Contact CTF writeups Notes

[PicoCTF 2018] - crypto - Hertz

This is one of my writeups for PicoCTF 2018

Problem

Here's another simple cipher for you where we made a bunch of substitutions. Can you decrypt it? Connect with nc 2018shell3.picoctf.com 14928.

Hint :

  1. NOTE: Flag is not in the usual flag format

Solution

The problem description indicates that we are confronted with a substitution cipher. Substitution ciphers are vulnerable to frequency analysis : letters in any language appear in text at different frequencies. So we can easily guess that the letter that appears the most in the ciphertext is the substitution for the letter that appears the most in the english language (that would be "e".) After guessing a few most common letters, we can just guess the other substitutions by just looking a the partially deciphered text.

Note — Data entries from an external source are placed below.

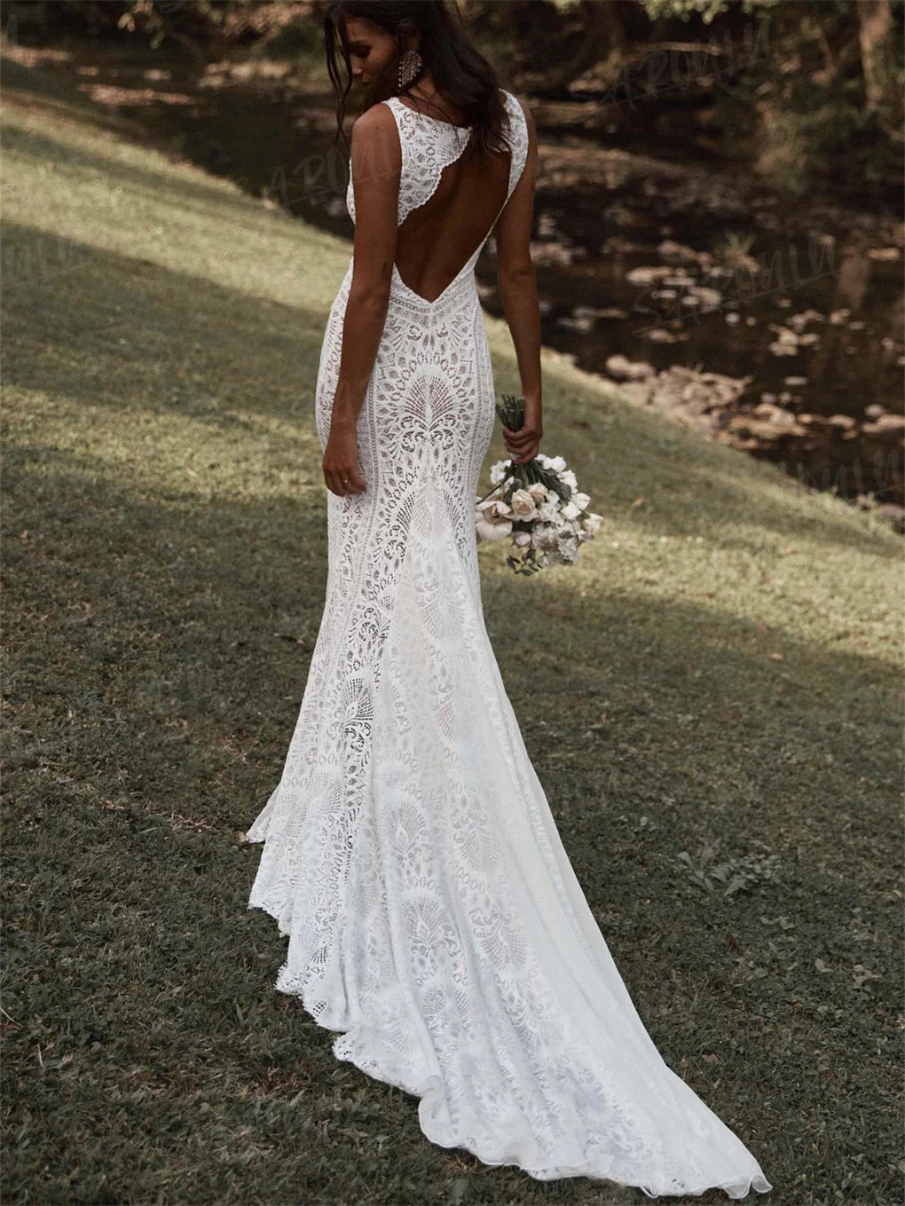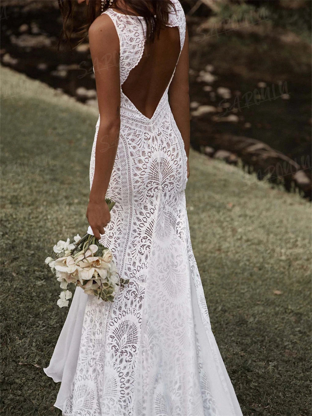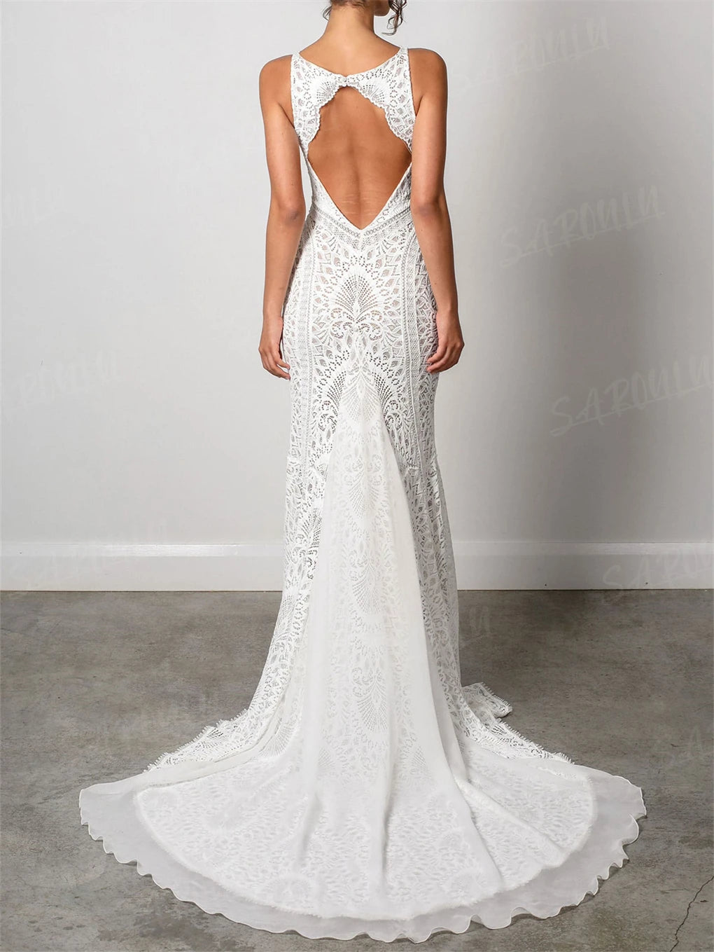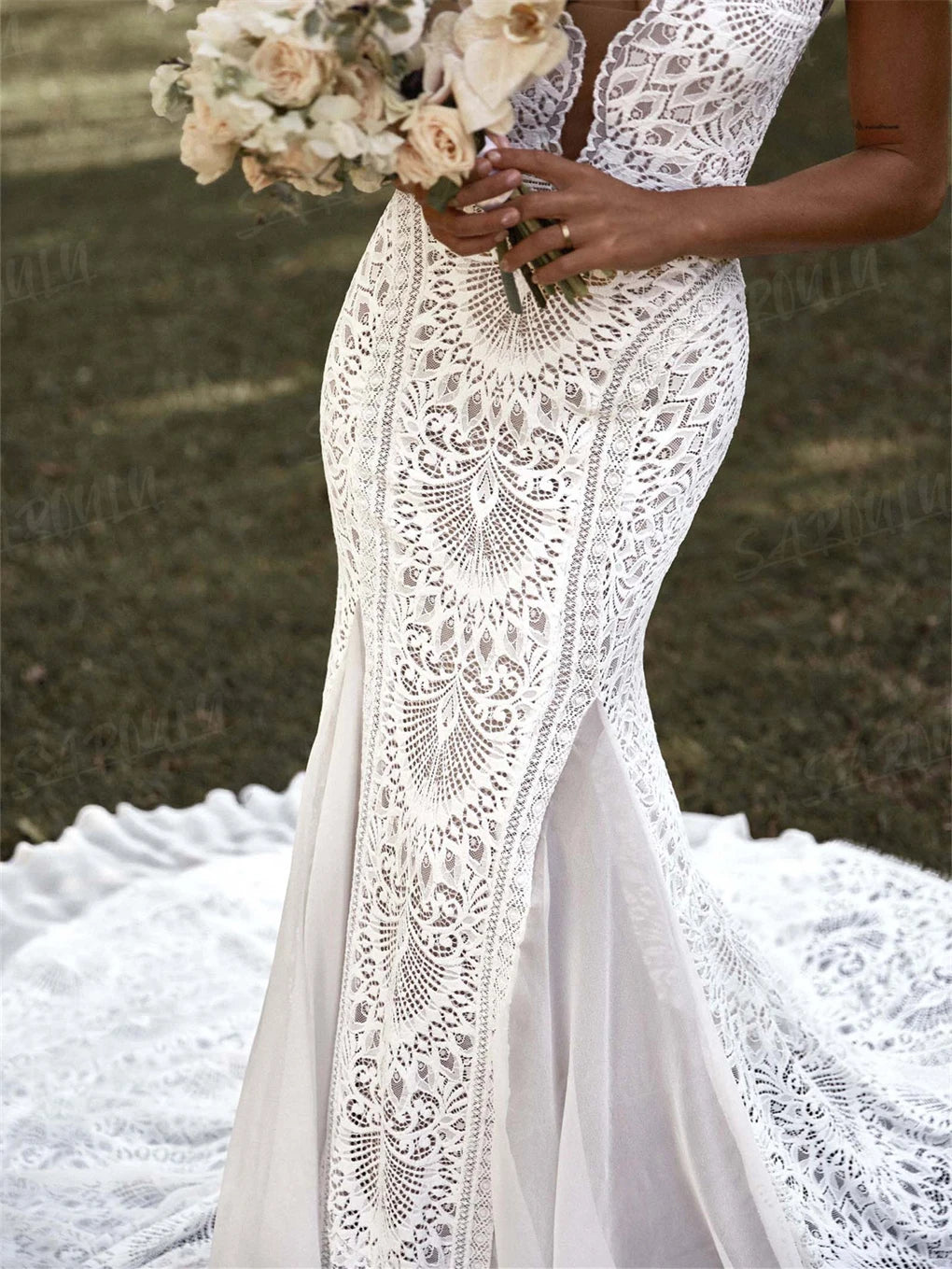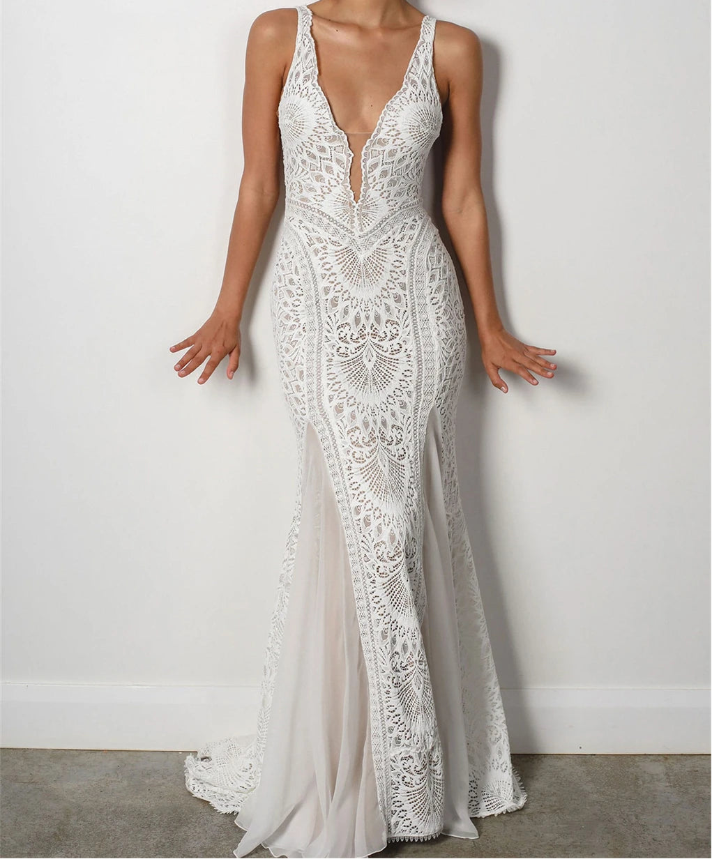 Sheath Bohemian Wedding Dress Long Deep V Neck Lace Bridal Gown, embrace your inner free spirit in this stunning bohemian wedding dress that perfectly blends romantic lace with contemporary edge. Featuring a daring deep V neckline and cheeky open back detail, this sleeveless mermaid silhouette flatters with strategic leg splits and a lightweight overlay for effortless movement. The delicate lace front pairs beautifully with flowing chiffon layers that floats across the train, creating that dreamy boho-bride moment. Perfect for the adventurous bride who is looking for a boho chic dress on her big day.
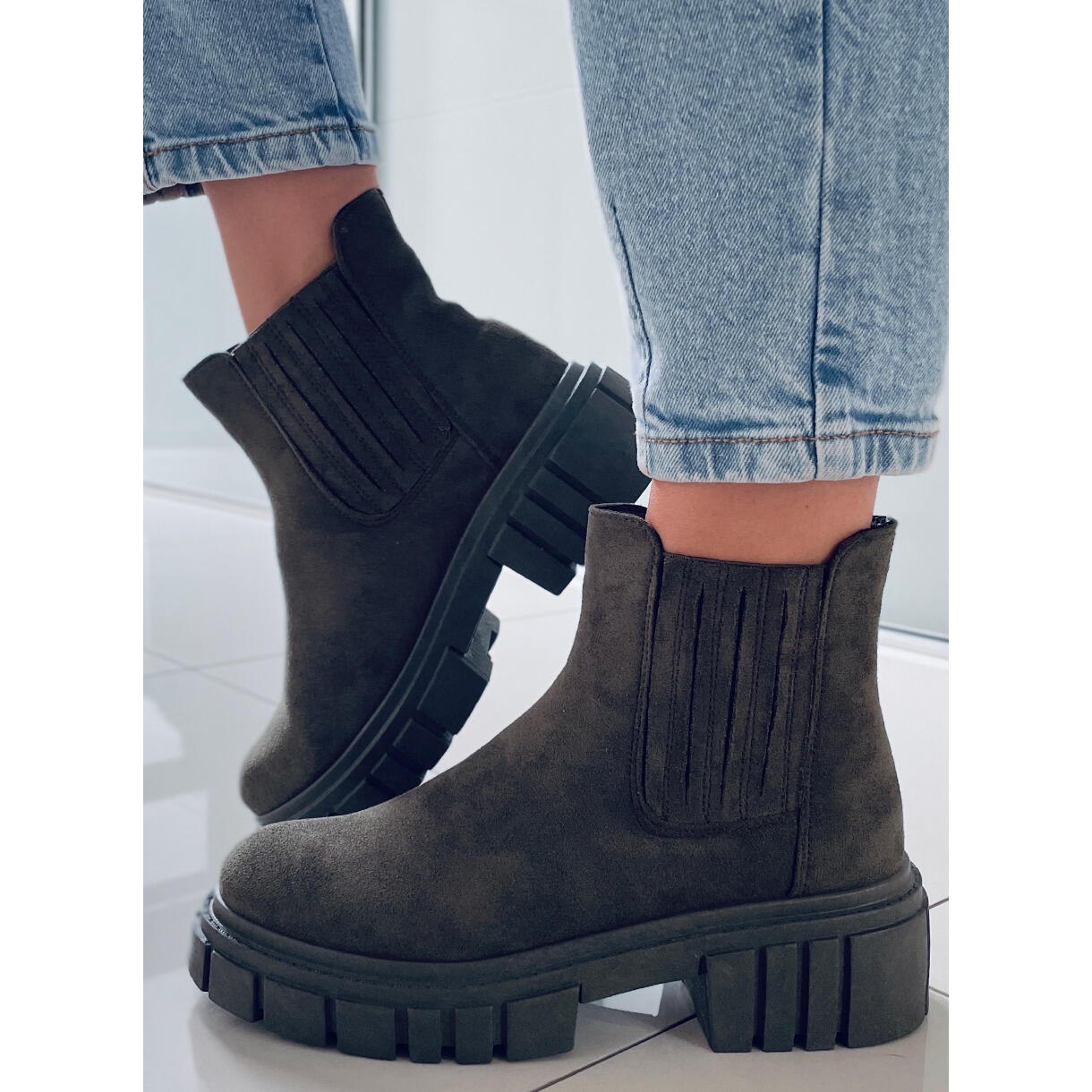 Introducing the Leigh Green women's Chelsea boots in a trendy khaki green shade, which are the perfect complement to any everyday style. These suede ankle boots with a thick sole combine elegance with comfort, making them a great choice for various occasions.
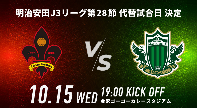 明治安田J3リーグ第28節 ツエーゲン金沢 vs 松本山雅FC 代替日決定のお知らせ
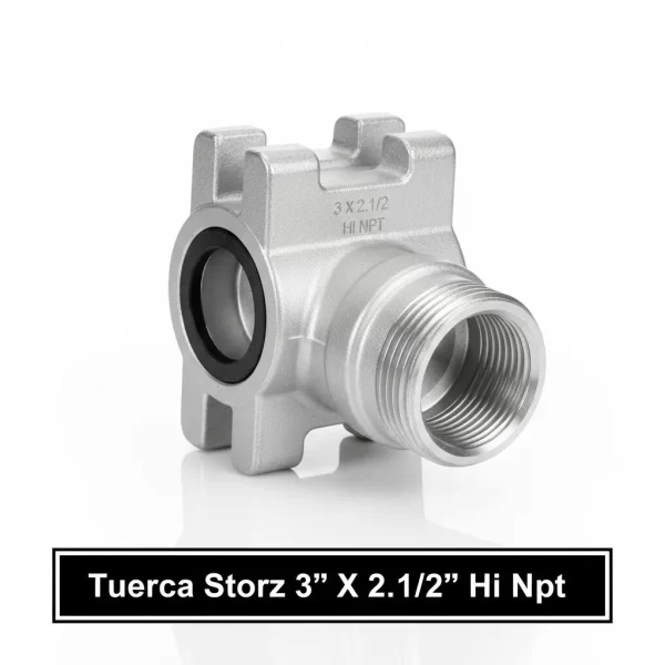 La Tuerca Storz 3 X 2.1/2 Hi Npt es un componente crucial para conectar mangueras contra incendios, asegurando un acople rápido y seguro entre una conexión Storz de 3 pulgadas y una rosca NPT hembra de 2 1/2 pulgadas.
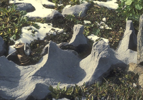 Dezaiko PlateauLooking closer at karst landscapes one finds smaller features, sometimes called surface karst. These take on a variety of shapes and sizes, but all are caused by water. Sometimes their shaping occurs on exposed surfaces, sometimes under mantles of soil. As water dissolves pockets or channels in the rock, these in turn serve as collection points for more water, resulting in deepening of channels while leaving the high-points relatively untouched. Small channel features caused by rainwater or snowmelt are called karren, of which there are several types, including the classic rillenkarren which forms miniature mountain-ridges and valleys on sloped surfaces.
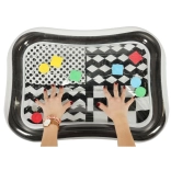 Le tapis d'eau contrasté est conçu pour la stimulation sensorielle des jeunes enfants. Fabriqué en matériau de haute qualité et doté d'un motif en noir et blanc, le tapis offre une stimulation visuelle, tandis que les formes colorées dans le liquide assurent un divertissement interactif. Les enfants peuvent suivre les formes flottant dans l'eau, ce qui les motive à jouer et à se concentrer.
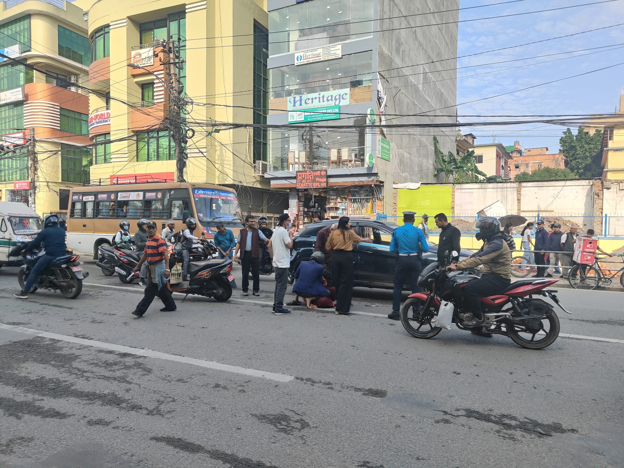 सोमबार बिहानै करीब ७ बजेर ४० मिनेटको समयमा बागबजारबाट माइतीघरतर्फ गइरहेको प्रदेश ३–०२ ००२ प २३६२ नम्बरको स्कुटर विपरीत दिशाबाट आइरहेको प्र. १–०२–००२च ६७३९ नम्बरको कारसँग ठोक्किएको हो।

The name of the task is a hint at this approach (hertz being a unit used to measure frequency).

So I used the following bit of code to look at character frequency in the ciphertext :

from collections import Counter
from string import ascii_lowercase

with open('ciphertext', 'r') as f:
    ciphertext = f.read()

charcount = Counter(c for c in ciphertext if c in ascii_lowercase)
total_chars = sum(charcount.values())
for char, count in charcount.items():
    print(f'{char}: {(count*100)/total_chars}% ({count})')

It produced this output :

l: 2.174877940523746% (49)
r: 7.23479804704838% (163)
o: 6.56901908566356% (148)
w: 2.3524189968930314% (53)
q: 6.1695517088326675% (139)
s: 6.924101198402131% (156)
z: 9.409675987572125% (212)
g: 7.1016422547714155% (160)
v: 5.947625388371061% (134)
e: 13.049267643142477% (294)
y: 6.924101198402131% (156)
k: 2.2192632046160674% (50)
p: 2.929427430093209% (66)
a: 2.4411895250776743% (55)
i: 5.0599201065246335% (114)
u: 1.3759431868619618% (31)
h: 1.908566355969818% (43)
f: 1.020861074123391% (23)
n: 3.195739014647137% (72)
c: 2.796271637816245% (63)
b: 2.174877940523746% (49)
j: 0.1775410563692854% (4)
d: 0.0887705281846427% (2)
x: 0.5770084332001776% (13)
t: 0.13315579227696406% (3)
m: 0.04438526409232135% (1)

We can compare that with the letter frequency of the english language. Looking at the output, we see an overwhelming majority of "e", with a 13% frequency : according to wikipedia, the letter e has a frequency of 12.702% in the english language. from that we can deduct that the letter e is in fact no substitued with anything in that cipher.

Let's look at the next most common letters :

  • "z" has a frequency of about 9.41% : the closest match in english would be "t"
  • similarly, the frequency of "y" in the ciphertext seems to match that of "i" in english.

Next, I built the following script :

from colorama import Fore

with open('ciphertext', 'r') as f:
    ciphertext = f.read()


sub = {
    'e': 'e',
    'z': 't',
    'y': 'i',
}
text = ''
for char in ciphertext:
    if char in sub:
        char = char.replace(char, f'{Fore.GREEN}{sub[char]}{Fore.RESET}')
    text += char

print(text)

It simply prints the text, performing the guessed substitutions and printing the decrypted letters in green (is uses a third party library, colorama, for that). By just looking at the partially decrypted text, we can guess more letters.

I simply extended the subs dictionary with letters progressively, each newly guessed substutions helping to guess one, until the flag appeared in the partially decrypted text : substitution_ciphers_are_solvable_uyhyldalrg.